The president has cut production taxes for companies, made it easier for companies to lay off workers and pushed foreign companies including JPMorgan Chase, Pfizer and Amazon to invest in France. Unemployment has fallen and there has not been a recession like elsewhere in Europe.
But his government also vastly expanded government borrowing during the Covid-19 pandemic and the energy shock linked to the war in Ukraine.
The RN, which has yet to release a full economic programme, has indicated it could withdraw Macron’s main pension reform later this year after an audit of government accounts. It has made this a key campaign promise.
The party has said it will stick to its promises to cut value-added taxes on energy and fuel, which the government estimates will cost 16 billion euros. But in a sign of the far right’s attempts to reassure voters and markets, Bardella on Monday evening postponed a €7 billion VAT cut on household necessities. The RN also says it would give French companies priority in tenders, which is against EU competition rules.
Le Pen has tried to reassure the business community. “The financial markets do not really understand the National Rally project,” she told Le Figaro on Sunday. “They have only heard the caricature of our project. When they read about it, they think it’s reasonable.”
The left-wing NFP alliance has not made similar overtures. But it portrays its economic plans as more responsible because of billions of euros in planned tax increases to pay for the increased spending.

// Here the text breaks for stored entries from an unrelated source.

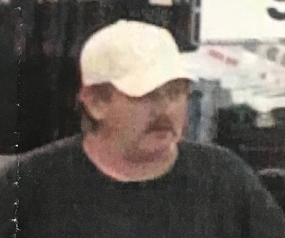 The man is described as heavyset, 40 to 50 years old, mustache, wearing tan cargo shorts and a baseball cap.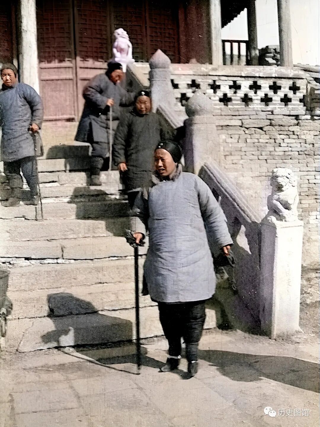 四位开封老太太,拄着拐杖来到龙亭游玩,可见当时龙亭的人气很旺。朱红的木门,青石台阶,石板铺地,处处显露着古朴和历史气息。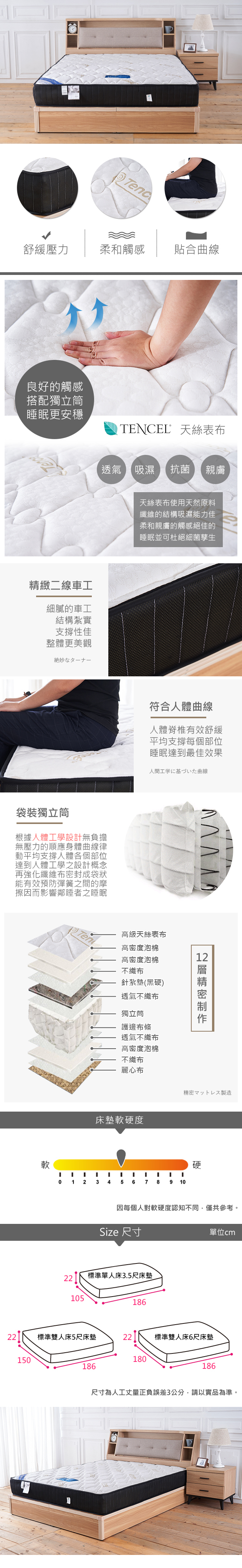 名稱:蒂芙妮天絲透氣5尺雙人獨立筒床墊

“We will finance this program by reaching into the pockets of those who can most afford it,” said Olivier Faure, head of the Socialist Party.
The NFP’s program includes scrapping Macron’s pension reforms, increasing salaries and social benefits in the public sector, raising the minimum wage by 14 percent and freezing the price of basic food and energy.
It would reintroduce a wealth tax, eliminate many tax breaks for the wealthy and raise income taxes on the highest earners.
Business leaders shy away from such ideas. “The left’s economic program is completely unacceptable and would lead France to abandon the capitalist system,” said one high-profile entrepreneur concerned about the election choice. “Bardella may look reassuring, but the far right is a threat to democracy, and not just to the economy.”